### Collected material
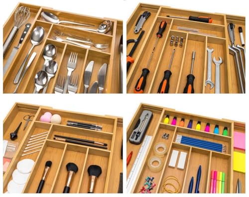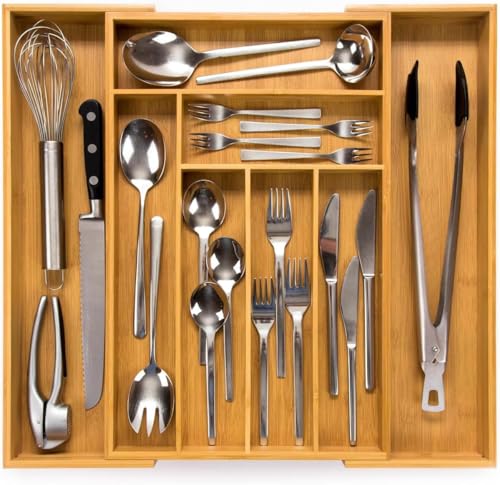 GMMH - GMMH Cutlery Tray Cutlery Tray Kitchen Organiser Drawer Insert Natural Wood (45 x 43 x 5 cm)
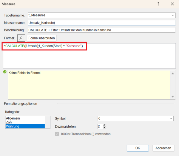 Umsatz_Karlsruhe:= CALCULATE([Umsatz]; t_Kunden[Stadt] = "Karlsruhe")
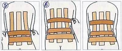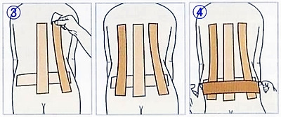 ① 상체를 45도 정도 구부리고 일자형 테이프(4칸)를 가로로 붙이되 통증 부위(척추통과부위)는 당겨서 붙힌다.
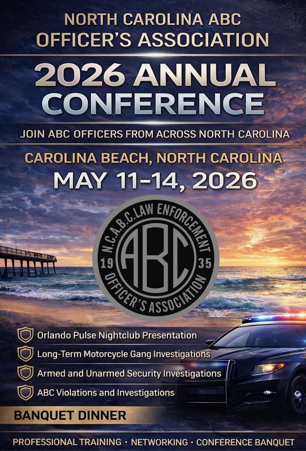 The North Carolina ABC Officers Association (NCABCOA) is a non-profit organization dedicated to supporting ABC Officers in the enforcement of alcohol and drug laws throughout North Carolina. Our mission is to provide ongoing education and training to ABC Officers, enhancing their expertise and effectiveness in alcohol law enforcement. By strengthening their understanding of the crucial role alcohol regulation plays in preventing impaired driving, fraudulent identification, reducing youth access to alcohol, combating crime, and addressing broader community issues, we aim to amplify the positive impact of ABC Officers across the state. In addition to our commitment to alcohol law enforcement, we emphasize the importance of tackling drug laws and the threats posed by illegal substances in our permitted establishments and communities. NCABCOA is dedicated to promoting public safety, protecting communities, and ensuring the responsible enforcement of both alcohol and drug laws across North Carolina.

### Your goal
Output only the lines above from the one containing "Umsatz_Karlsruhe:= CALCULATE([Umsatz]; t_Kunden[Stadt]" to the one containing "① 상체를 45도 정도", both included, exactly as written and with no pictures.

### Answer below
 Umsatz_Karlsruhe:= CALCULATE([Umsatz]; t_Kunden[Stadt] = "Karlsruhe")
 ① 상체를 45도 정도 구부리고 일자형 테이프(4칸)를 가로로 붙이되 통증 부위(척추통과부위)는 당겨서 붙힌다.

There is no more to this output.